Все пространство вокруг заполнялось народом. Там, где расположились одетые во все красное люди из окружения архиепископа, я увидела своего отца, облаченного в черный шелк, а рядом — его молодую жену, косы которой выбивались из-под покрывала и золотом блестели на солнце. Я вспомнила, как Аделаида фон Юлих уверенно вела себя в господском окружении. Она оживленно наблюдала за всем происходящим вокруг, приветствуя то одних, то других, и потом шушукалась со своим духовным отцом, патером Адрианом, бенедиктинцем, который лишь немногим был старше ее — его похотливый взгляд тут же бросился мне в глаза.

— Subvenite sancti dei, — пробормотала я, плотно прижавшись к Эрику. Я спиной ощущала удары его сердца. — Occurite angeli Domini…

Барабанная дробь. На площади воцарилась тишина. Анно, архиепископ Кельнский, встал со своего кресла. Послушник протянул ему свиток с обвинительным заключением. В движениях архиепископа чувствовалось достоинство, черты его аскетического лица свидетельствовали о властности.

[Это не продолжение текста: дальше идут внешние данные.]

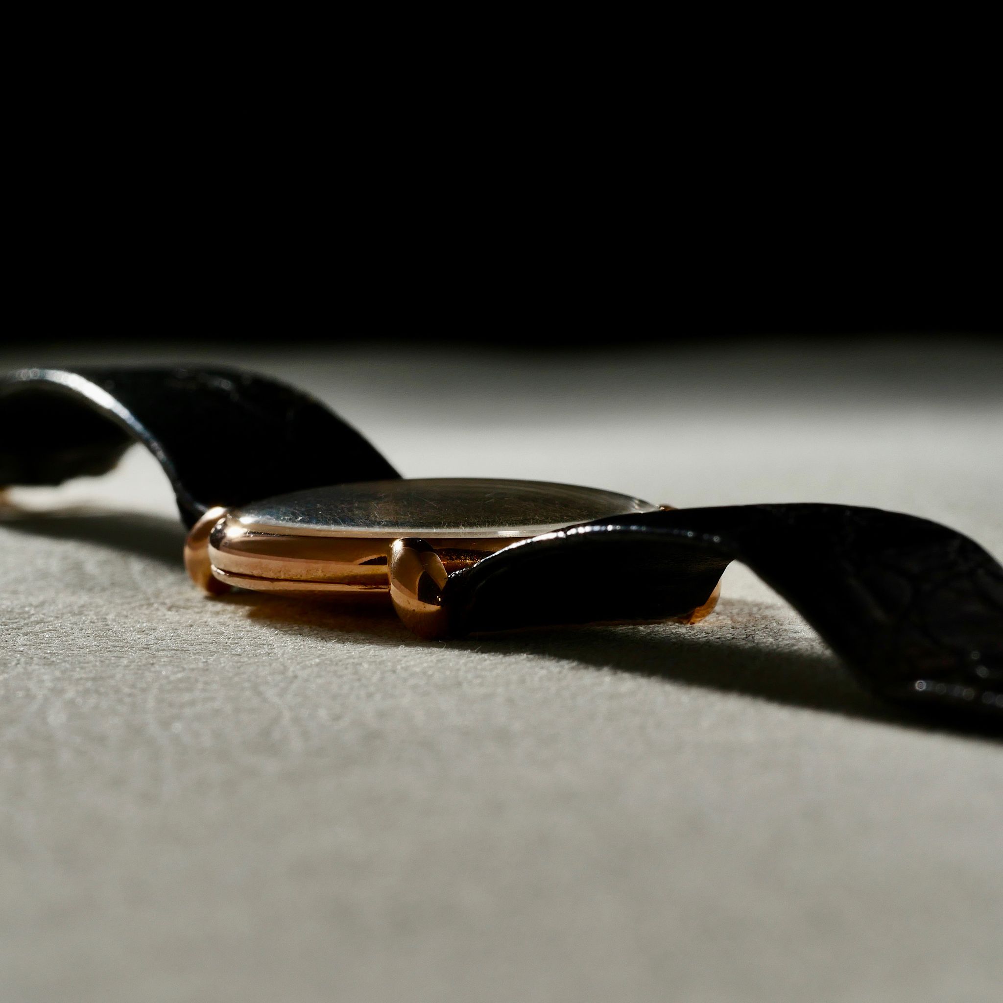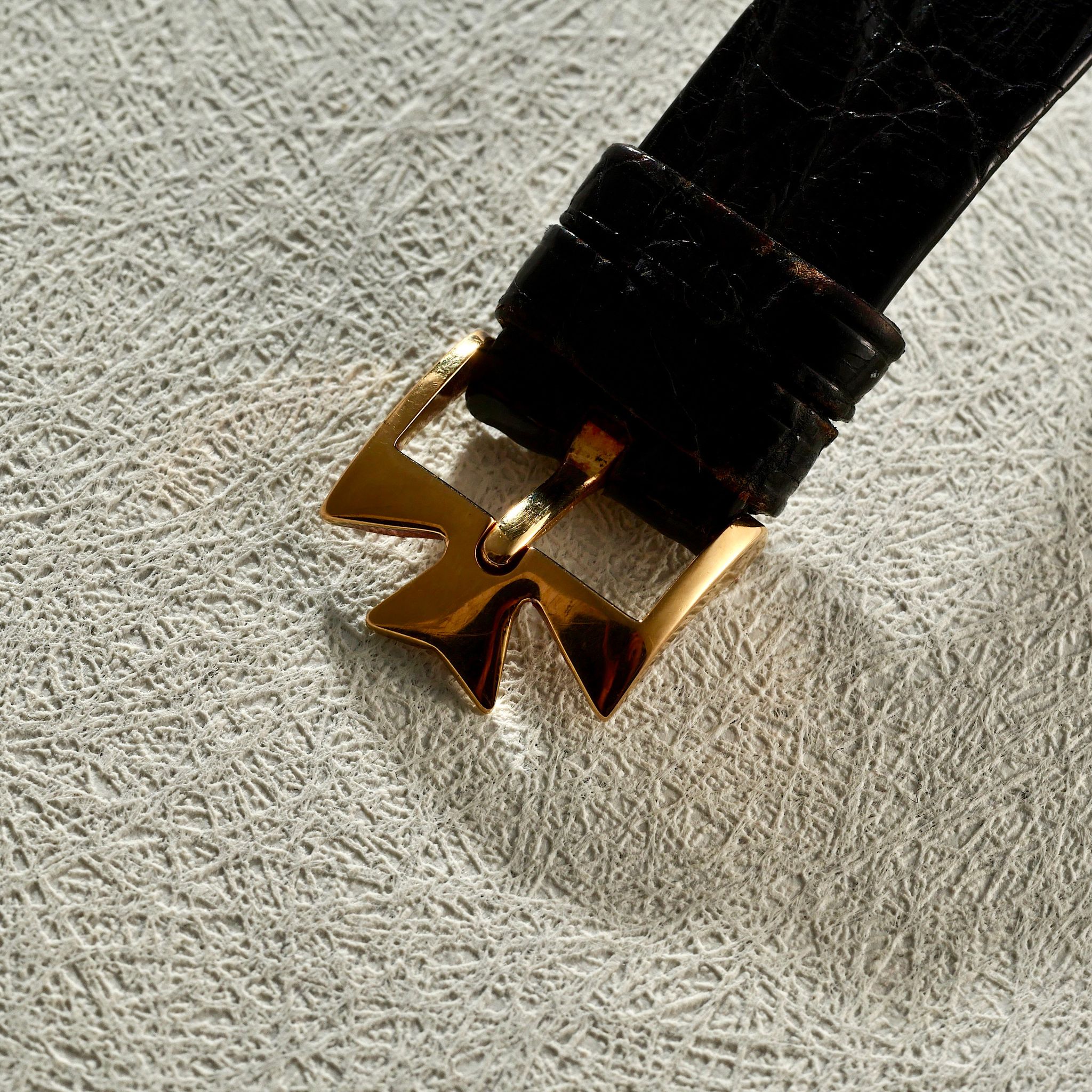 SPECIFICATIONS: 18k gold case, Alligator leather strap, Original Vacheron 18k gold buckle, Original, untouched dial with signature guilloche, Very Fine and Rare.
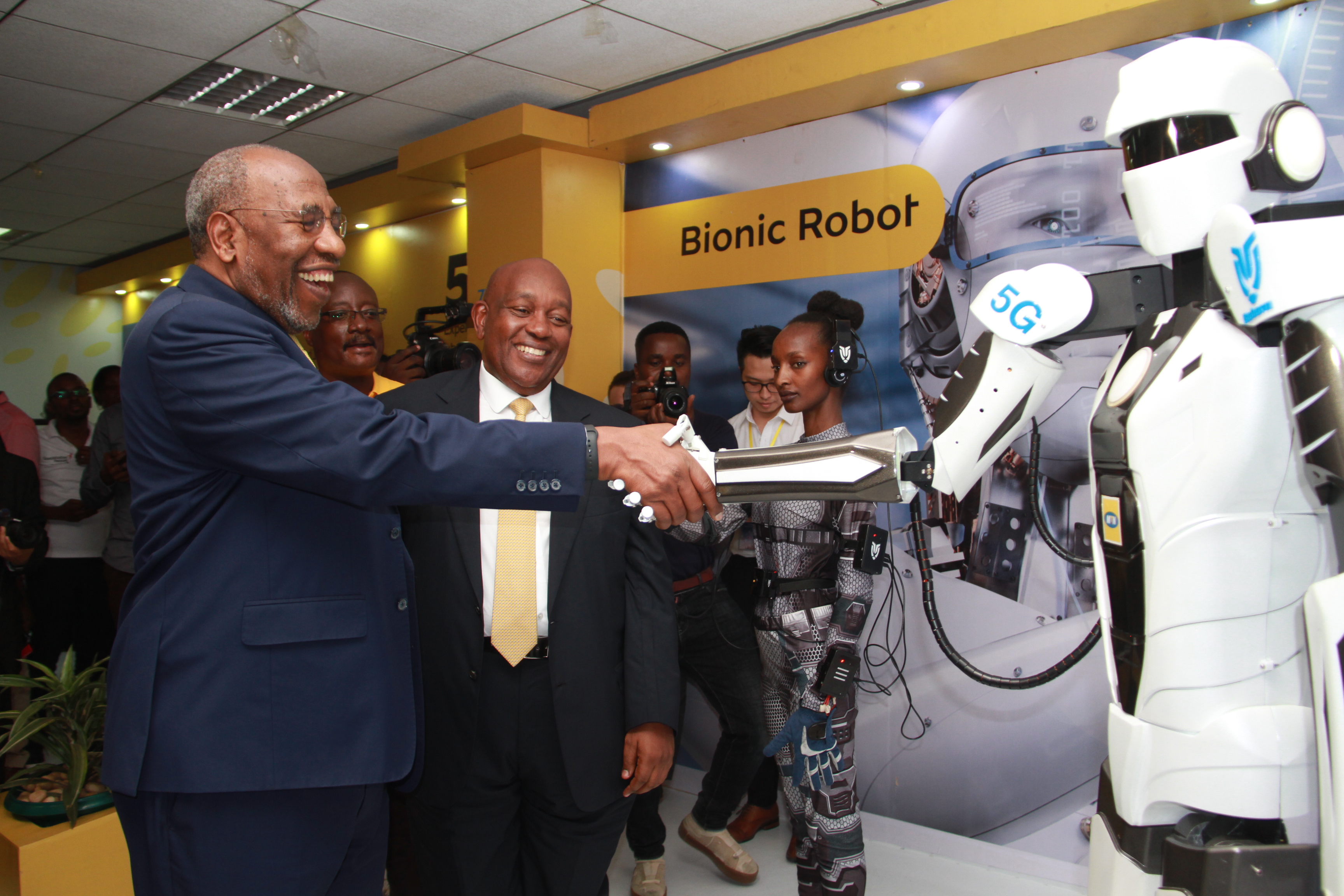 Uganda's Prime Minister Ruhakana Rugunda(L) shakes hands with a robot that uses the 5G network during the 5G technology trial ceremony in Kampala, Capital of Uganda, Jan. 17, 2020. (Xinhua/Zhang Gaiping)
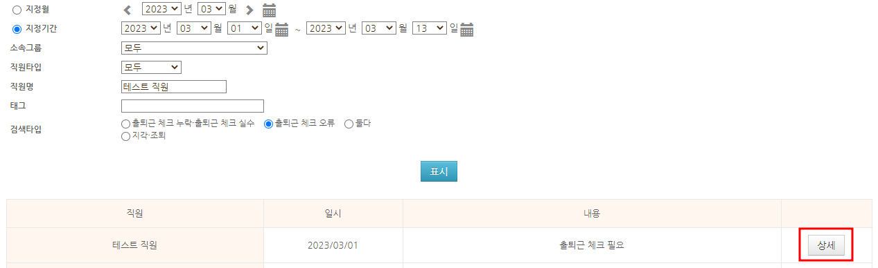 직원분에게 출퇴근 체크 수정신청에 대한 안내를 해주시기 바랍니다.
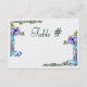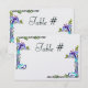 Cartes de numéros de table 3,5"x5" recto-verso frappantes sur un papier métallisé givré, ornées de corniches de paons et de vignes aux couleurs vives créées dans le style Arts & Crafts qui est devenu populaire à l'époque de Wm. Morris & Henry David Thoreau. Les porte-cartes peuvent être trouvés dans n'importe quel magasin d'articles de fête ou de fournitures d'art local. Se coordonne avec la collection de mariage Craftsman Peacocks de TheMarryingType. #zazzlemade
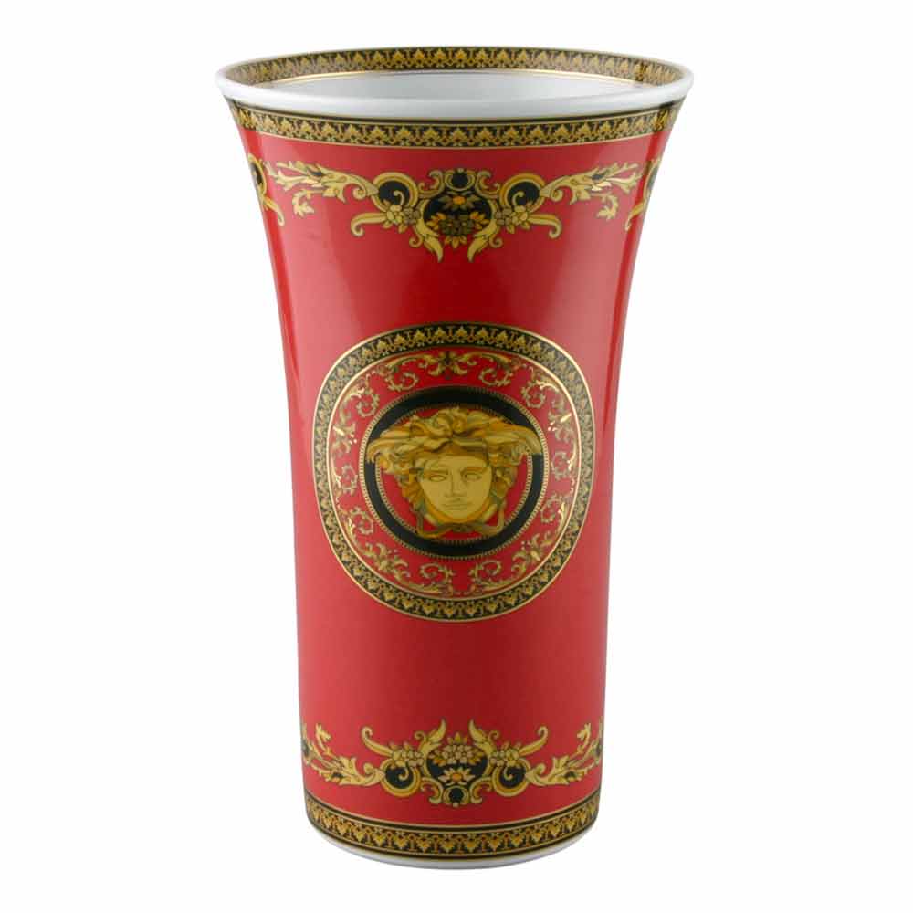 De Versace 34cm vaas heeft een uniek en modern design en maakt deel uit van de Medusa Rosso-lijn. Deze lijn bestaat uit twee of drie tinten: elegant rood en het zeer gewaardeerde goud en zwart. Samen vormen deze tinten een verfijnd motief dat u meeneemt naar fascinerende en verre tijden.
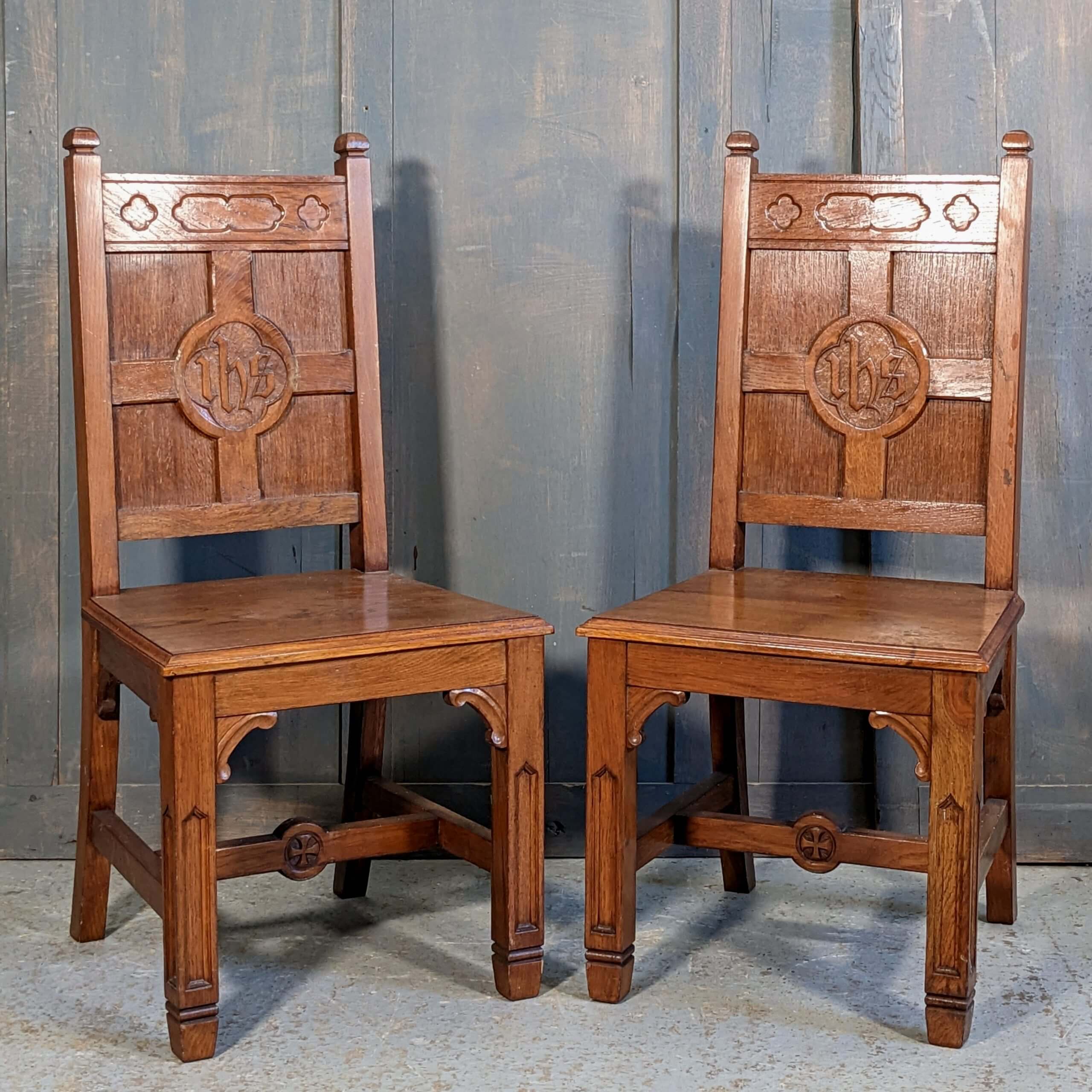 Two fine clergy chairs from this tiny church near Cromer in Norfolk.  Seat Height 44cm  Seat Depth 38cm
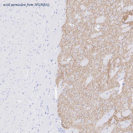 Application: IHC-Fr Species: Mouse Site: Striatum Sample: Frozen section Antibody concentration: 1:500 Antigen retrieval: The section was pre-treated using 1% SDS buffer (in PBS, pH 7.4) for 5 minutes at room temperature.
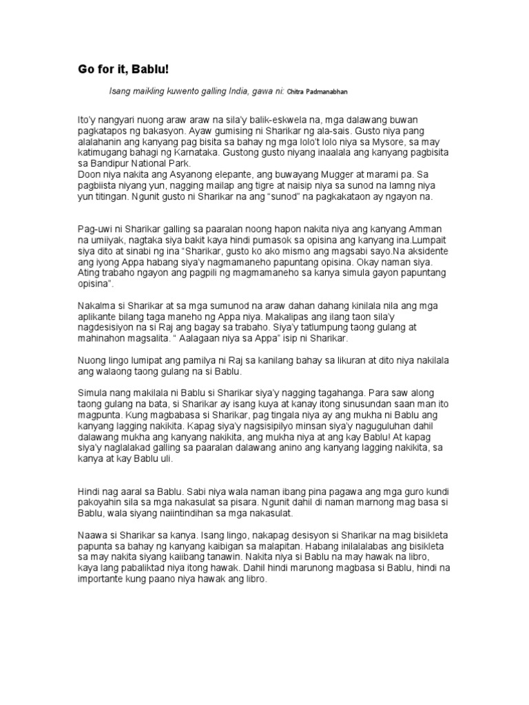 Maikling kwento mula sa india. Mga Bahagi ng Maikling Kwento Ang maikling kwento ay may tatlong bahagi. Hindi kita iiwanan dito sa ilog. Isinalin ni aurora e batnag.
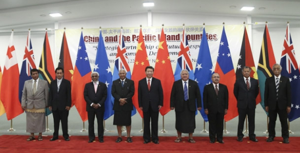 ????當(dāng)?shù)貢r間下午近6點,習(xí)主席在國旗前迎候8個太平洋島國的領(lǐng)導(dǎo)人,與他們一一握手,然后請大家站在一起合影。“咔嚓”聲四起,中國和太平洋島國關(guān)系史上具有歷史意義的瞬間,就此定格。
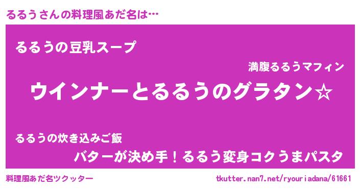 | ヒーロー風カッコイイあだ名 | 『ウルトラるるうマン』『黄金騎士ルル』 |
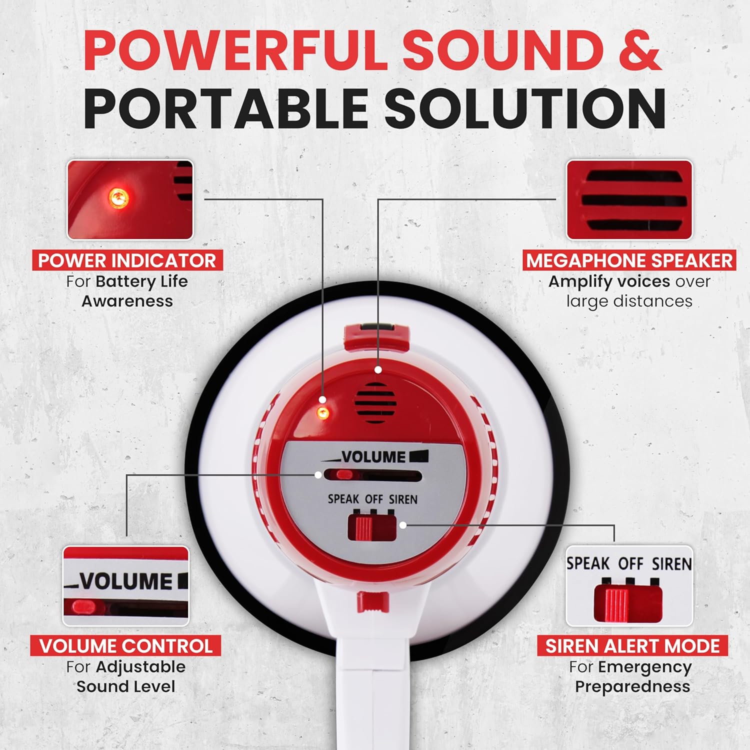 ADJUSTABLE VOLUME CONTROL: The megaphone speaker comes equipped with an adjustable volume control, allowing you to modify the sound to your preference. The power-saving OFF switch helps preserve battery life.
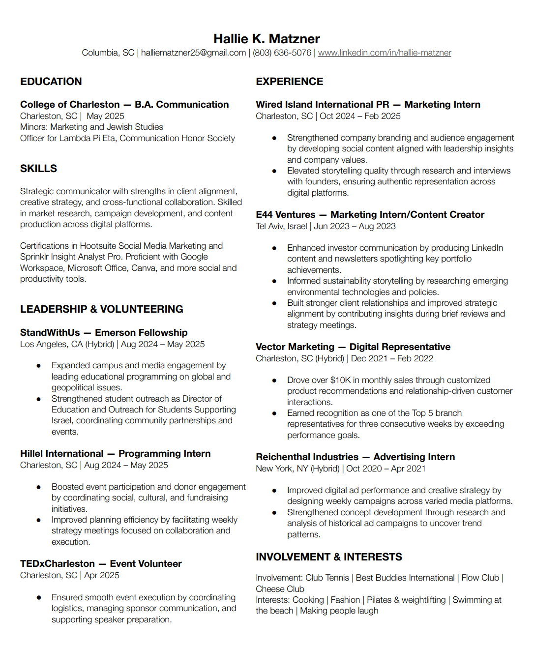 Hallie K. Matzner offers personalized, innovative communication solutions and strategic planning to showcase her values and expertise as she seeks to break into the advertising industry, particularly within independent agencies.
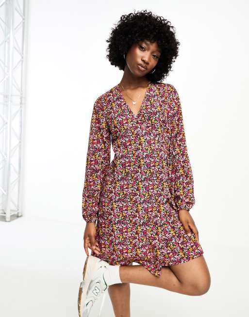 Pieces Mini jurk met overslag en fijne print in multi Very well made.
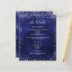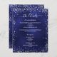 A modern, elegant wedding program/details/timeline. A navy blue coloured background decorated with faux silver glitter sparkles. The blue colour is uneven. Personalise and add your names and wedding details. White coloured letters.

Архиепископ окинул взглядом толпу, ненадолго задержался и на мне. Черные, холодные глаза, просверлившие меня, как два копья, — эти глаза не знали милосердия.

— Subvenite sancti dei, — прошептала я. Несмотря на жару, руки мои были холодны, как лед.

— Народ Кёльна! — начал Анно свою речь. — Мы собрались здесь от имени Всевышнего, чтобы привести в исполнение заслуженное наказание этим грешникам!

По его кивку была опущена приставная лестница телеги, чтобы каждый смог увидеть приговоренных.

— Нафтали, еврей, обвиняется в лжесвидетельстве и богохульстве, в колдовстве и умерщвлении невинного ребенка…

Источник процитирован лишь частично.